Message-ID: <20060831154903.GA7011@skynet.ie> (raw)
In-Reply-To: <a762e240608301357n3915250bk8546dd340d5d4d77@mail.gmail.com>

On (30/08/06 13:57), Keith Mannthey didst pronounce:
> On 8/21/06, Mel Gorman <mel@csn.ul.ie> wrote:
> >
> >Size zones and holes in an architecture independent manner for x86_64.
> 
> 
> Hey Mel,

Hi Keith.

>  I am having some trouble with the srat.c changes.  I keep running into
> "SRAT: Hotplug area has existing memory" so am am taking more throught
> look at this patch.
>  I am working on 2.6.18-rc4-mm3 x86_64.
> 

ok, great. How much physical memory is installed on the machine? I want to
determine if the "usable" entries in the e820 map contain physical memory
or not.

>   srat.c is doing some sanity checking against the e820 and hot-add
> memory ranges.  BIOS folk aren't to be trusted with the SRAT.  Calling
> remove_all_active_ranges before acpi_numa_init leaves nothing to fall
> back onto if the SRAT is bad.  (see bad_srat()).

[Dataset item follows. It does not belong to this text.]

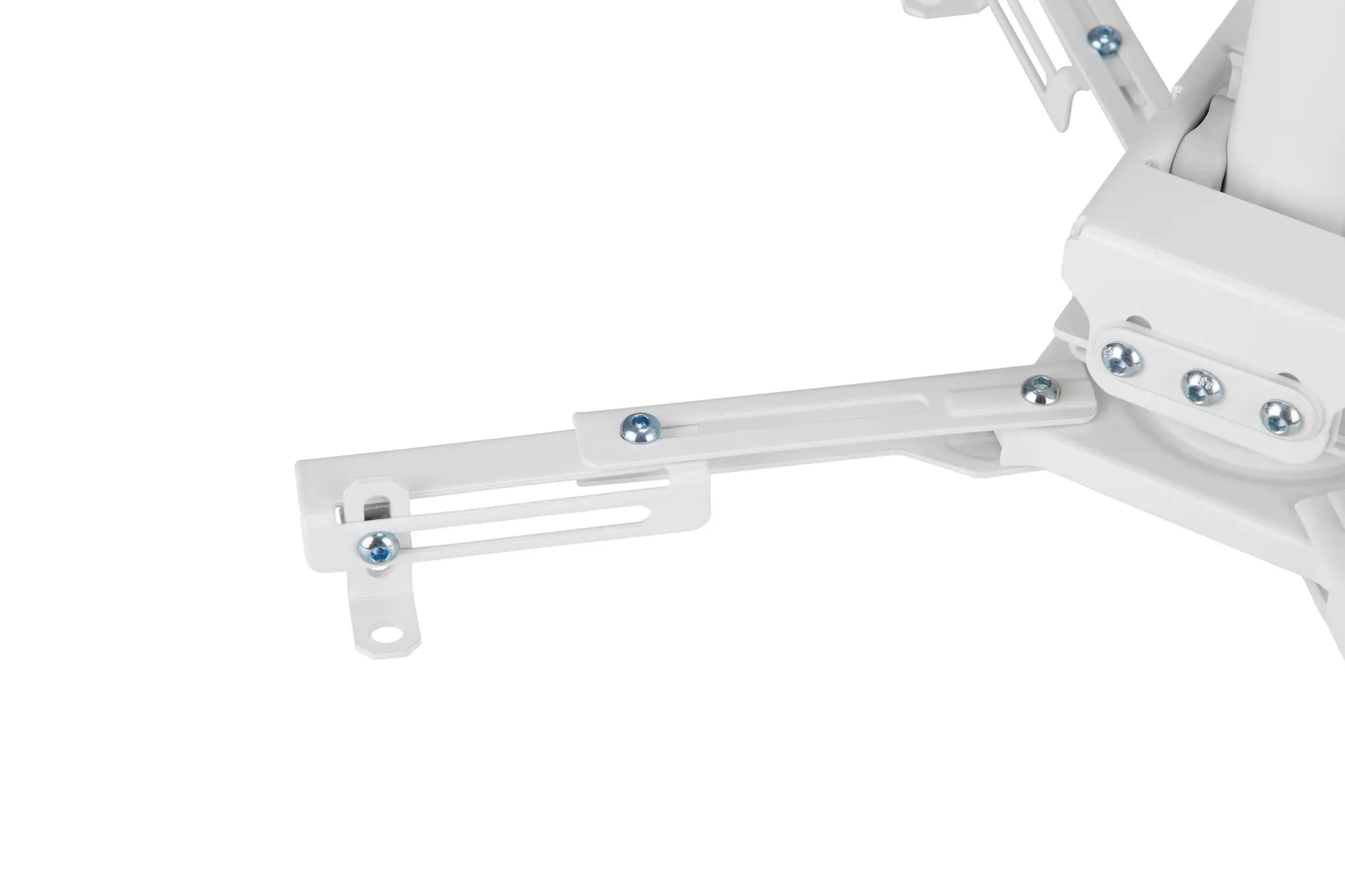 Die variabel einstellbare Länge zwischen 74,5 und 114,5 Zentimetern ermöglicht eine präzise Positionierung der Bildfläche – angepasst an Raumhöhe und Projektionsverhältnis. Durch schwenkbare und neigbare Gelenke lässt sich der Projektor stufenlos ausrichten: mit bis zu 20° Neigung, 8° seitlichem Schwenkspielraum und vollständiger 360°-Rotation. Die vier verstellbaren Tragarme passen sich dabei flexibel den gängigen Beamer-Größen an, während die Feinjustierung an der Deckenplatte für exakte Ausrichtung sorgt – unabhängig von der baulichen Gegebenheit.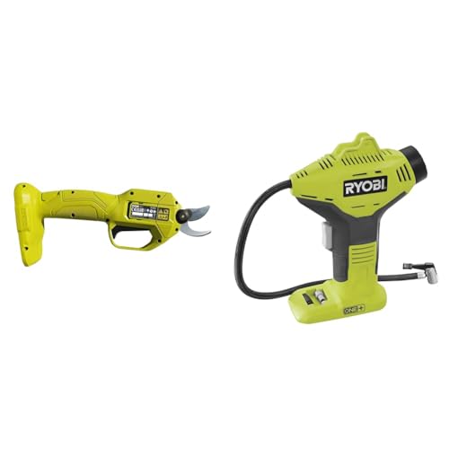 Ryobi RY18SCA-0 18V ONE+ Cordless Secateurs (Bare Tool), Black & R18PI-0 18V ONE+ Cordless High Pressure Inflator (Body Only), Grey

What should happen
> when we discard the srat info?
> 

When the SRAT is bad, the information is discarded and discovered by an
alternative method later in the boot process.

In this case, numa_initmem_init() is called after acpi_numa_init(). It
calls acpi_scan_nodes() which returns -1 because the SRAT is bad. Once
that happens, either k8_scan_nodes() will be called and the regions
discovered there or if that is not possible, it'll fall through and
e820_register_active_regions will be called without any node awareness.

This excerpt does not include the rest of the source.